Санька стоял какое-то время, глядя на клубящуюся тучу; она была, в основном, черной, но то и дело из каких-то глубин появлялись раскаленные добела области, и от этого в мире было светло; взгляд был по-прежнему мутен из-за пива; вокруг были развалины, дымящиеся и кряхтящие, и рев пламени из какого-то невидимого далека, и резкие беспорядочные порывы ветра - хаос в перепутанной атмосфере. Потом он стал недоуменно оглядываться; потом пошел куда-то, через обезображенный до неузнаваемости ландшафт; он не задавал себе вопроса - куда.
Где же ты, хваленая гражданская оборона, где твои умные советы?
Где ты, метро, великое бомбоубежище?
Где средства долговременного предупреждения, в конце концов?
Где вы, начальники, вершители судеб? Вы попрятались в своих глубочайших норах? Вы выйдете, как предписано, "через сутки, когда уровень излучения понизится в тысячу раз"? Хотите, я постучусь в ваши бронированные сейфы, и вы там улыбнетесь отрешенно, будто бы хозяева положения? Улыбайтесь; давайте, мы никогда больше не встретимся; вы убили мир вокруг себя и он вам этого не простит. Санька засмеялся и пошел дальше смеясь - вовсе не истерично, тихо смеясь, потому что знал, что через миллионы лет планета восстановит себя, а те, кто это сделал, нет; потому что сейчас мир вокруг был счастлив, был избавлен от хлопот, от дрянных хлопот, от мыслей о том, как проехать в трамвае зайцем, где дешевле купить пива, во сколько нужно встать завтра, как сдать экзамен или получить зачет; и от мыслей о том, как жить, когда Она каждый день бывает в нескольких метрах от тебя и остается бесконечно недостижима.

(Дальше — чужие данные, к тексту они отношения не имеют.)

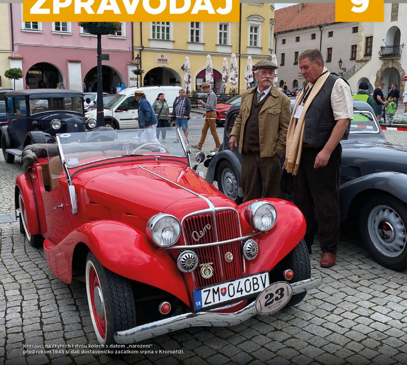
Krasavci na čtyřech i dvou kolech s datem „narození“ před rokem 1945 si dali dostaveníčko začátkem srpna v Kroměříži.

Как же жить? Мне смешно. Жить - легко; я отчего-то думаю, что очень скоро мне будет лучше чем вам - неизмеримо лучше, так что даже представить нельзя; или, если я буду жив, вряд ли боль позволит мне заниматься высшей нервной деятельностью, сиречь думать. Что значит теперь - "жить"? Боже, да какая же ерунда то, что могло беспокоить раньше! Да ведь это только отсюда видно! Скоро я буду с Ним, слышите вы, зачем мне как бы то ни было жить?! Возьми меня к себе, мое обезображенное тело, мою исстрадавшуюся душу; я всего-то хотел коснуться...
Коснуться - ее.
Она бывает в относительной близости от меня?
Она - была. Была ли она - там? Если да, то что?

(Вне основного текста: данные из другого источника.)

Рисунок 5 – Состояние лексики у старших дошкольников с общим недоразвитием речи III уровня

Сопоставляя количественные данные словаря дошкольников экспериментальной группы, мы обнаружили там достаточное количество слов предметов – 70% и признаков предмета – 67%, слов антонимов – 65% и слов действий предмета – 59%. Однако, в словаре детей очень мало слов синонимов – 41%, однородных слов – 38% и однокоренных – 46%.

Она превращена - во что? Она разложена - на а т о м ы. Нельзя сказать, что от нее ничего не осталась; она вся продолжает быть, но теперь она идеально неупорядочена, она гармонична.
Хотя, впрочем, как близко она была к Этому? Вряд ли близко; скорее, не близко. Скорее, она сейчас все-таки недостаточно гармонична.
Санька посмотрел на черные облака, которые продолжали клубиться там, где раньше был город - наверное, километрах в сорока от него (т.е. промахнулись), хотя погрешность оценки таких дальних расстояний была очень велика; купол, вознесшийся на высоту десятков километров, светился, продолжал жить своей жизнью, пухнуть и расползаться. Может быть, ее прожарило неземным светом и ее закрученный огарок валяется среди уличного мусора, неотличимый от останков деревьев, машин и домашней утвари. Может быть, ее поломало ударной волной, она сейчас, перепутав руки и ноги, погребена под обломками своего дома. Где она жила?
Ах, где она жила? Ты ведь нашел ее адрес. Она где-то жила; она жила - где? Чудо спасло тебя; второе чудо должно было спасти ее. Кто-то делал журавликов. Кто-то, гарантированно, из каких дебрей памяти, делал журавликов из бумаги, по-моему, их нужно успеть сделать много, а бля... Хуй с журавлями, девушку бы найти. Где она жила? Где она лежит сейчас? Вперед!..
Слышен стон; кто-то говорит, точнее, кричит, точнее, это уже не "кто-то", это не человек, это конгломерат из души и боли, и ничего в нем нет, кроме крика, разрывающего глотку или уши. Кто это идет по улице, выше застывших изломанных машин? Зачем стоишь ты одна, опора лэп, почему не лежишь с подругами, какие красивые гирлянды изоляторов на тебе. Где живет моя любовь, проведи меня; ты видишь, я весь горю; огонь во мне, неугасимый огонь во мне - убил меня!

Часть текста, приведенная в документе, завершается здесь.